Scalability: Scaling AI solutions across a network of edge devices while maintaining consistent performance and resource utilization is a complex problem that requires innovative solutions.
This research project aims to address (some of) these challenges by focusing on three key aspects:
Performance prediction of existing neural networks: Developing novel methods to accurately predict the performance of deep learning models on edge devices. This involves analyzing and modeling various factors such as hardware capabilities, network architecture, expected throughput, latency and power consumption to optimize the model selection and adaptation.
Defining splits of neural network models: Investigating innovative techniques for dividing and distributing neural network models between cloud and single/multiple edge devices to balance computational loads and resource utilization. This includes dynamic model splitting strategies to adapt to changing conditions in real-time (e.g., malfunctioning edge devices) and requires minimizing the communication overhead when transferring data between devices.
Investigation of Message Passing Schemes for online training: distributed training using stochastic gradient descent (SGD) methods face big issues regarding communication overhead, data imbalances, dealing with hardware heterogeneity and complexity of the implementation. Recently, message passing algorithms based on belief propagation have shown to be a viable alternative to SGD, whilst offering more advantages when deploying these algorithms in a distributed context. The goal is then to design efficient message passing schemes taking the characteristics of the edge and cloud devices into account.
What we offer you
At IPI, we offer you the opportunity to conduct research in a highly international and friendly working environment. We provide ample opportunity for researchers to take initiative in their work and to develop their professional networks.

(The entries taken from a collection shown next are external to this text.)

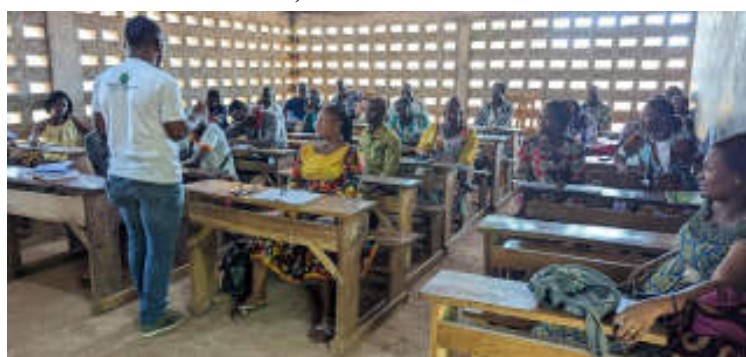
La causerie débat

vant des solutions aux problèmes rencontrés dans leur pratique quotidienne. Le fondateur de l'école la Cité du Savoir à la fin de ladite rencontre a exprimé sa satisfaction quant aux résultats de cette initiative, soulignant l'importance de comprendre les élèves pour mieux les enseigner.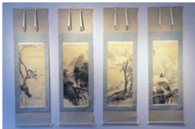
Tentoonstelling 'Japan' in het Oude Raadhuis.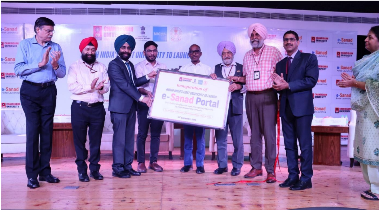
Launch of e-Sanad Portal by Chief Guest and esteemed dignitaries on dias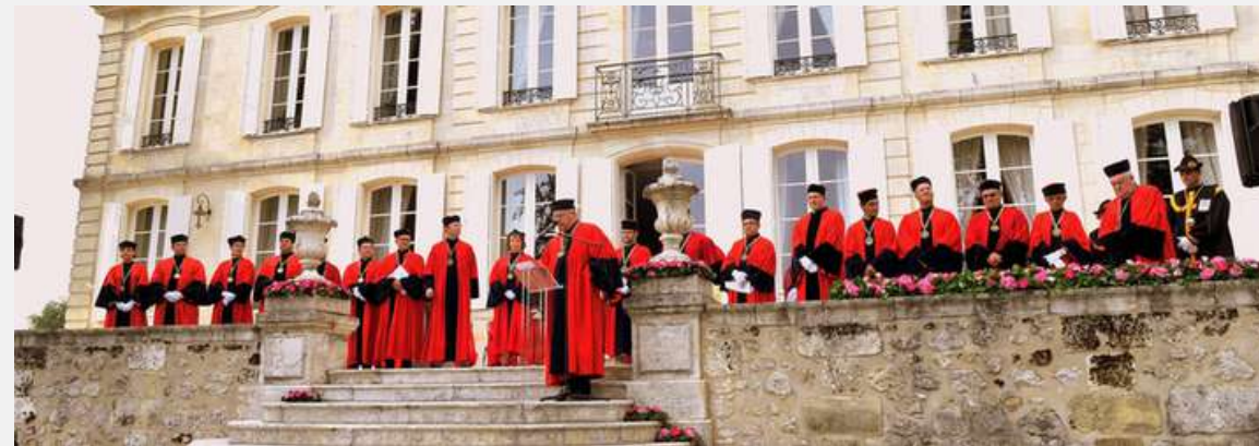
Les Gentilshommes du Duché de Fronsac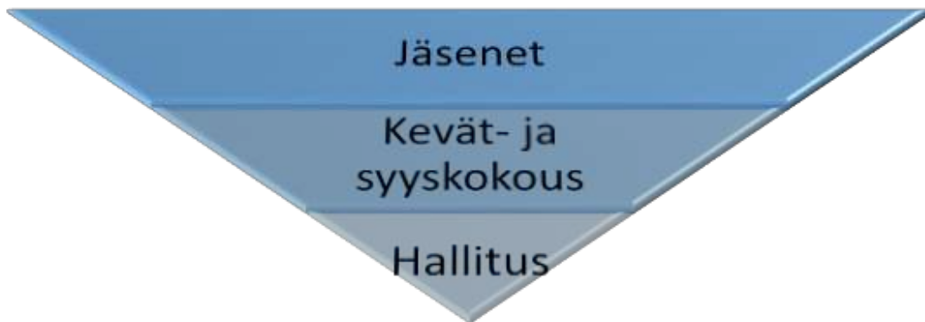
Kuva 1. Päätösvalta yhdistyksessä.

Seuran jäsenillä on ylin päätösvalta. Jäsenet pystyvät käyttämään tätä päätösvaltaansa seuran yleiskokouksissa, eli kevät- ja syyskokouksissa. Syyskokous valitsee hallituksen ja määrittää toimintasuunnitelman ja talousarvion, joita hallitus toteuttaa. Kevätkokouksessa hyväksytään edellisen toimintavuoden toimintakertomus ja tilinpäätös sekä annetaan hallitukselle vastuuvapaus. Jokaisella jäsenellä on ääni- ja puheoikeus yleiskokouksissa.

The salary is competitive and will be determined by the university salary scales. Staff members can count on a number of benefits, such as a broad range of training and educational opportunities, 36 days of vacation leave (on an annual basis for a full-time position), bicycle allowance, and more.
How to apply
Please submit your application by email to Prof. Bart Goossens with " [EdgeCloud] " in the subject line.
In your email, please include the following in 1 merged pdf file:
A cover letter with a brief motivation of your application: what do you consider the best aspects of your CV that demonstrate your academic excellence during your university education? What are your reasons for pursuing a PhD? Why would you like to work at UGent?
A detailed CV, describing your earlier experience and studies;
Contact details for three reference persons;
A list of publications (if available);
A transcript of your educational record (list of courses per year, number of obtained credits, obtained marks) if available. This need not be official documentation at this stage;
If available: 1-3 English language documents describing your earlier research or technical work (e.g., scientific papers, master thesis, report on project work, etc.). These documents need not be on the topic of the advertised position.
Applications remain welcome until the position is filled.